The second thing is, I think we've validated a new approach to identify common disease. Instead of genotyping a set of samples for a known set of SNP — that's one approach — a second approach is sequencing a few individuals, and then genotype those SNPs that you find in those samples.

We took that to a new level, and said, 'Let's make the resequencing a screening technology.' That's the new approach — using the resequencing as a screening approach to identify variants that are relevant — in this case — to autism. We identified several of them [SNPs and other mismatches], and obviously none of them is validated. They all need to be validated in independent populations, but that's something for the research community to follow up on.

But the main thing that we like to have shown is a new approach for identifying relevant variants in common disesase using resequencing as a screening tool for large scales for lots of patients and lots of controls.

Will this approach ever rival genotyping?

The main difference, and this really is the crux, is that in genotyping, you're assessing SNPs that are known. So, usually to be able to assess that, you're depending on common SNPs, and the common SNP-common disease hypothesis — that common disease is caused by common SNPs. If that's the case, I'd say there's no advantage to a resequencing approach over a genotyping approach.

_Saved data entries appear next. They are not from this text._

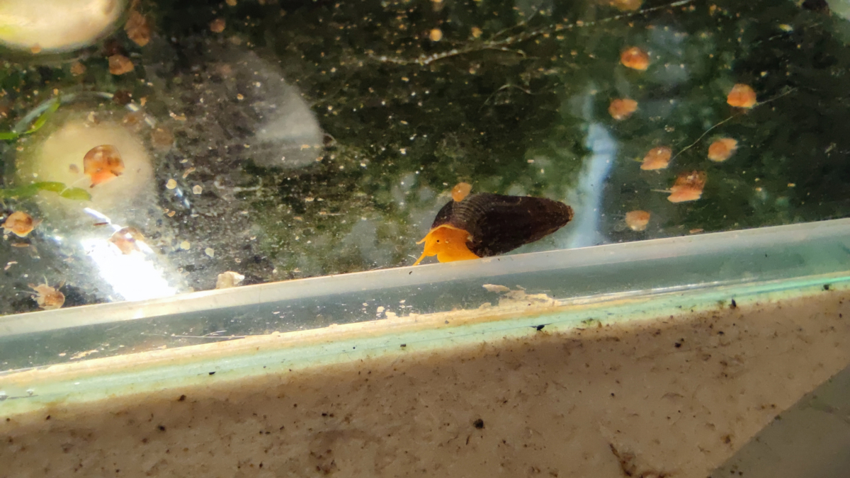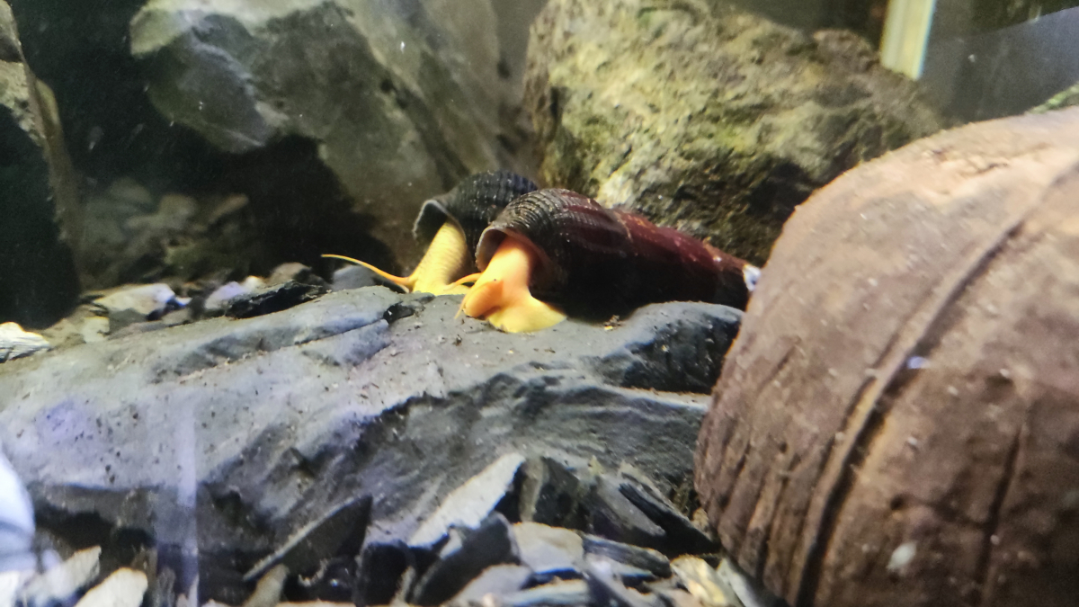 Vends petits tylomelania sp orange. Photo 1: un des petits Photo 2: les adultes Ils feront entre 1 et 2 cm à la vente. Une fois adulte ils en feront 8cm. Escargot sympathique, ne mange pas les plantes, cohabite parfaitement avec les crevettes et les poissons. Il lui faut une température de minimum 24°C. 4€ le petit escargot Trop fragile pour un envoi à cause des températures.
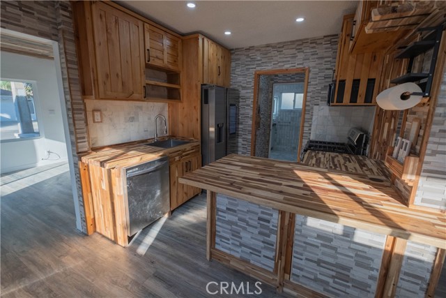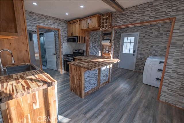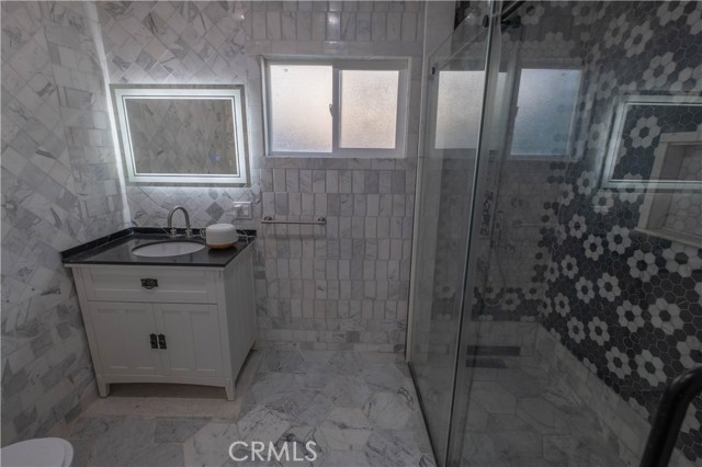 This charming 3-bedroom, 1-bathroom house has been completely renovated with top-of-the-line upgrades. This residence offers new flooring, new windows, fresh paint, high-quality knotty alder wooden cabinets, stone marble tiles, modern appliances, and more. The interior has been treated to an all new modern and simplistic paint job and laminate wood-like floors. The kitchen includes wooden countertops and knotty alder cabinets, a built-in wine rack, and new appliances including washer and dryer with a 2 year warranty. The restroom is adorned with stone marble tiles on the floors and bath areas, LED mirror, sliding glass doors, and a LED rain shower with body jet and thermostatic valve creating a spa-like ambiance that is both elegant and relaxing. Four split heater/AC units throughout the home providing energy-efficient heating and cooling to different rooms.The house has been upgraded with a new gas line, copper water line, and electrical MC conduit, ensuring safety and efficiency throughout the property.
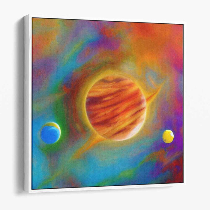 Decorate your walls with this high quality Abstract Planets art print on canvas. Whether you hang it in your living room, bedroom or office, this artwork is sure to add a touch of beauty and color to your room.
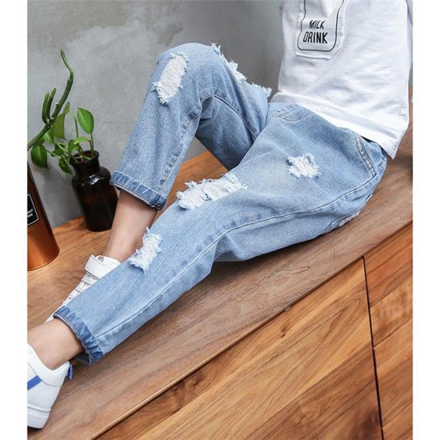 子供服 デニム 長ズボン 春秋 女の子 ジーンズ ダメージパンツ ハイウエスト カジュアル ロングパンツ 可愛い きれいめ 入学式
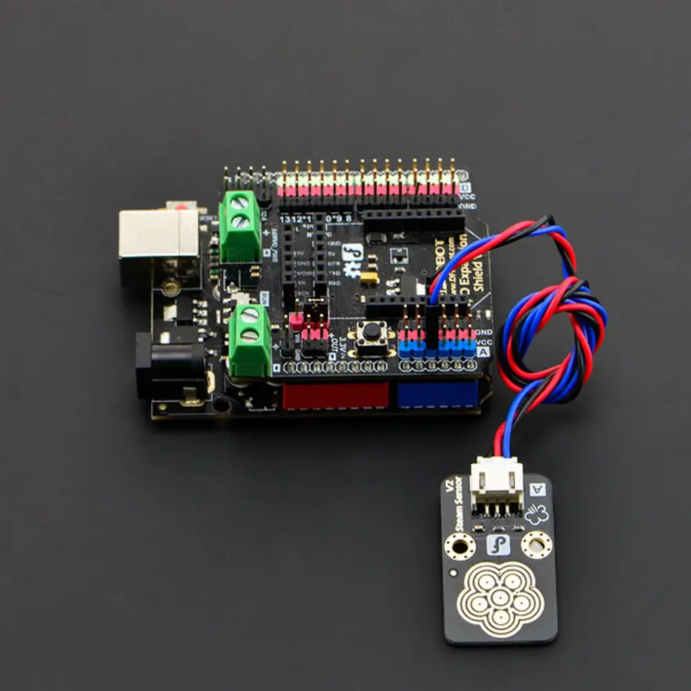 De DFRobot stoomsensor biedt naadloze integratie met het Arduino IO- shield en biedt een optimale oplossing voor het detecteren van veranderingen in de luchtvochtigheid. De kernfunctie is eenvoudig maar efficiënt: naarmate de luchtvochtigheid op het sensoroppervlak stijgt, neemt de output evenredig toe. Deze functie maakt nauwkeurige monitoring en aanpassingen in diverse toepassingen mogelijk, zodat gebruikers kunnen vertrouwen op nauwkeurige luchtvochtigheidsmetingen.
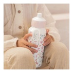 Ono što ovu bočicu čini posebnom jest njezin prekrasan dizajn s motivima cvjetova i leptirića, čime donosi dodatnu radost svakom djetetu. Estetski privlačna, bočica potiče djecu da sa sobom rado nose svoju vodu gdje god krenuli, stvarajući zdrave navike od malih nogu. Osim toga, lako se održava, što roditeljima omogućava brzo i jednostavno čišćenje nakon svake upotrebe.
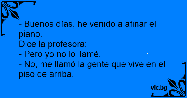 Το πιάνο - Buenas tardes señor, soy el afinador de pianos. - Добро утро, идвам да Ви настроя пианото. Al hombre le tocan el timbre: - Hola, vengo a afinar el piano. - Tengo piano pero yo no llamé a ningún afinador!!! - Pero los vecinos si, contestó el hombre en la puerta. L'accordeur de pianos se présente chez Madame Teuteufe - Mais j'ai jamais demandé d'accordeur ! - Vous non mais vos voisins oui ! En mand banker på døren til en lejlighed: "Jeg kommer for at stemme Deres klaver." "Jamen, jeg har da ikke bedt Dem om at komme!" "Nej, men det har Deres naboer!" Adolfina övar flitigt på sitt piano då det ringer på dörren. – Goddag, jag är pianostämmaren, säger mannen som ringde på. – Men jag har inte beställt någon pianostämning. – Nej, men det har... Er komt een pianostemmer bij meneer Jansen. Meneer Jansen: "Ik heb helemaal geen pianostemmer besteld!" De pianostemmer: "Nee, maar de buren wel."
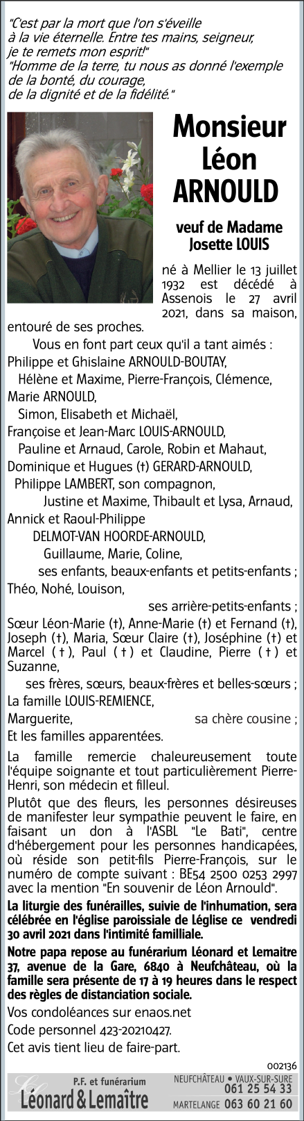 Décédé à Léglise (6860) le mardi 27 avril 2021 à l'âge de 88 ans
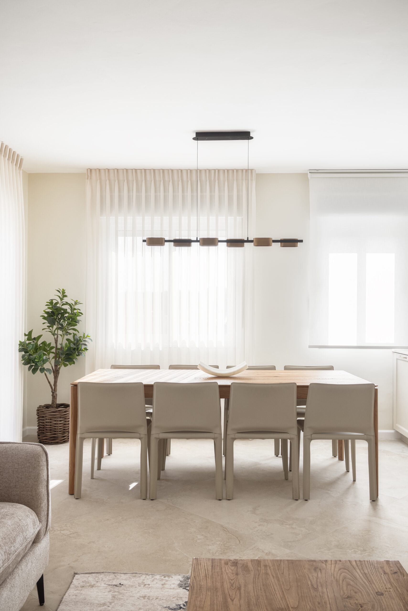 Inbal Karper עיצוב שנולד משיתוף פעולה הפרויקט של ענבל קרפר מציג עיצוב רגוע ומאוזן עם שילוב מדויק בין חומרים טבעיים לגוונים רכים. טפט טקסטורה עדין בגוון אפור חמים יוצר רקע שקט שמדגיש את פריטי הנגרות והעץ. הווילונות הבהירים לצד וילון בגוון ורוד עתיק מוסיפים שכבות של רוך וחמימות ומכניסים עומק עדין לחלל. הבחירה בפלטת צבעים טבעית עם נגיעה רכה יוצרת…

[That hypothesis] will be true in some cases — there are no questions about that. What is also true — and there are no questions about this either — is that sometimes there are going to be rare or heterogeneous [variants]. And what we learn in genetics is, if it's possible, it will happen.

What a resequencing approach allows you, is to be able to be hypothesis-free about the allele frequency spectrum of the disease-causing variants are. It will identify if it's common, rare, or heterogeneous.

What disease areas is this resequencing best suited to studying? As a diagnostic?

We really don't know. I thought autism would be a good one, I still think it's a good one.

Because it's so complicated?

Because it's so complicated, because it's kind of a rare disease. It could be a common disease, though, like diabetes, or cardiovascular disease, or just being overweight. In all these [it has] been shown that rare variants do cause them.

I think one more interesting thing would be pharmacogenetics. If you think about disease genetics — breast cancer, heart disease, whatever — we know what the biological signal magnitude can be, because people have done linkage analysis for many years, and we know what kind of results they got. Which is basically that the signal is not that strong, so they can be caused by a common allele that is not very penetrant, or a rare allele that is more penetrant.

In pharmacogenetics, we don't know that. You can potentially have Mendelian situations — you can have some variants that, if you have it, you have the side effect, if you don't have it, you don't have the side effect.

My point is that when you're dealing with pharmacogenetics, you have a small patient number, usually. Therefore, your only chance of finding it is if it's highly penetrant. If it's not, you have really very little chance to identify it. It is possible that we may be able to identify those rare, highly penetrant alleles that may relate to pharmacogenetic phenotypes in a large screening of many candidate genes.